We’ve done so much talking in mental health about how destructive the system can be, not only to clients/patients, but often to those compassionate people trying to work within them. We often treat relationships and systems as being at opposite ends of a spectrum, and yet our culture organises relationships into family structures and expects the protection of vulnerable members. On one level, families and friendship networks operate as a socialist sub-set within a capitalist culture. The wheels are oiled by a massive number of volunteers and unofficial support between people. This is still a form of system, a pattern of organising a community. (It’s also one that doesn’t fit everyone, as minorities such as the GLBTIQ community seek access to legal and social recognition for their relationships) We cannot build a perfect system or utopia, but we can build something more in line with the needs people are communicating and what we are learning helps people to recover from crises and distress, such as relationships.

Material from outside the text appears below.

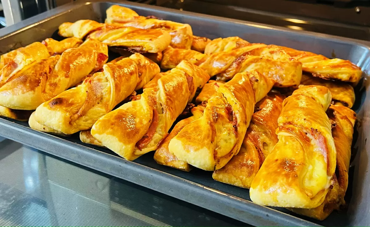Раскатав полученные заготовки, сформировать прямоугольный пласт и одной половину смазать томатным соусом, а на другую выложить мясную начинку и сыр. Сложить пополам и нарезать на полоски, каждую из которых завернуть, как веревочку. Выкладываются на предварительно смазанный противень и покрываются желтком.
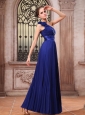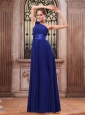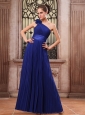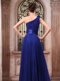 Royal Blue Prom Dress One Shoulder Hand Made Flower Pleat Chiffon

Systems are not inherently destructive, nor are they inherently devoid of ‘natural’ relationships. They can be extraordinarily complex and difficult to set up, and often have unintended outcomes. They can fail in a myriad of ways, and funding success can destroy their capacity to function well just as spectacularly as financial ruin. Systems must operate according to (or at least, interact with, even if intending to disregard) the legal requirements of the countries they are set up within. This can necessitate a high level of creativity, innovation, and courage, because the easiest path is simply to recreate the structures we are familiar with, however appalling. Great intentions are insufficient – the mental health system has undergone many reforms and each was driven by people with excellent intentions. The asylums from which we are rescuing people were built by those distraught by the fate of madmen who were starving in the streets. I don’t have an answer or a solution. What I do have is some experiences about what does and doesn’t work – in my own life, and in the groups I have created. I have some values about human rights and dignity. I have some hope that we can – all of us who are wrestling with this complex challenge – creativity engage and inspire each other to create organic, living systems that change and grow with us and with our cultures. I think some key aspects to this in mental health are:

  • Transparency
  • Freedom
  • Mutual Relationships

How these translates into systems and policies is something many people are exploring. Some groups are trying to set up suicide services that are ‘self check in’ to remove the barrier of having to prove you need help before you can access it. Other countries are running mental health services on the principles of Open Dialogue where patients are part of every conversation and always have access to their own records. None of us are going to come up with a single, perfect answer. A big part of what we need to move forwards is safe, respectful places to have conversations and share ideas, so that we can pool our experiences and wisdom and create something better.